What you will do. The full listing, returned exactly and free of pictures, is the expected answer.

(Given data Opens)

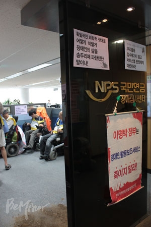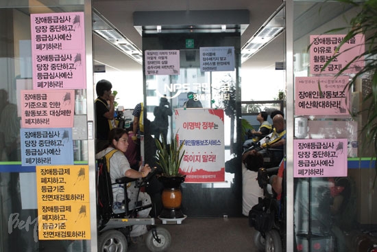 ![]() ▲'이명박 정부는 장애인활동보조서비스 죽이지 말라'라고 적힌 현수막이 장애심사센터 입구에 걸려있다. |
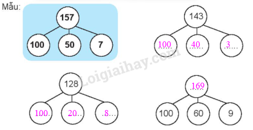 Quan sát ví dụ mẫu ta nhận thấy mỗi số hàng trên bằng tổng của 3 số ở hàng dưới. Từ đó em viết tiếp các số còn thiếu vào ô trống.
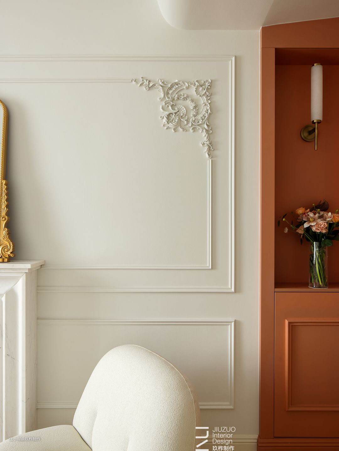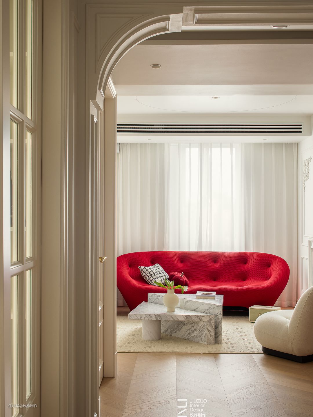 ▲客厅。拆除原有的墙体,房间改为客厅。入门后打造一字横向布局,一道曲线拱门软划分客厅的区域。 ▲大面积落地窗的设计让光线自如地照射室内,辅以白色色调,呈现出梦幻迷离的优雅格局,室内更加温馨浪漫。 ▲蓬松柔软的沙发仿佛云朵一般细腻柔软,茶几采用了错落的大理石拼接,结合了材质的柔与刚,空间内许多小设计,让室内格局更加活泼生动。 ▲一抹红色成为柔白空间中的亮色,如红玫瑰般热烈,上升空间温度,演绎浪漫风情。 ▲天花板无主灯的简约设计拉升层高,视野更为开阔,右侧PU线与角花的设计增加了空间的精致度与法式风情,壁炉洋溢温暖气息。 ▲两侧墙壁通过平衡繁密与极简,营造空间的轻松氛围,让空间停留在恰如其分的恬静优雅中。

(Given data Closes)

Result for this exercise.
 ![]() ▲'이명박 정부는 장애인활동보조서비스 죽이지 말라'라고 적힌 현수막이 장애심사센터 입구에 걸려있다. |
 Quan sát ví dụ mẫu ta nhận thấy mỗi số hàng trên bằng tổng của 3 số ở hàng dưới. Từ đó em viết tiếp các số còn thiếu vào ô trống.
 ▲客厅。拆除原有的墙体,房间改为客厅。入门后打造一字横向布局,一道曲线拱门软划分客厅的区域。 ▲大面积落地窗的设计让光线自如地照射室内,辅以白色色调,呈现出梦幻迷离的优雅格局,室内更加温馨浪漫。 ▲蓬松柔软的沙发仿佛云朵一般细腻柔软,茶几采用了错落的大理石拼接,结合了材质的柔与刚,空间内许多小设计,让室内格局更加活泼生动。 ▲一抹红色成为柔白空间中的亮色,如红玫瑰般热烈,上升空间温度,演绎浪漫风情。 ▲天花板无主灯的简约设计拉升层高,视野更为开阔,右侧PU线与角花的设计增加了空间的精致度与法式风情,壁炉洋溢温暖气息。 ▲两侧墙壁通过平衡繁密与极简,营造空间的轻松氛围,让空间停留在恰如其分的恬静优雅中。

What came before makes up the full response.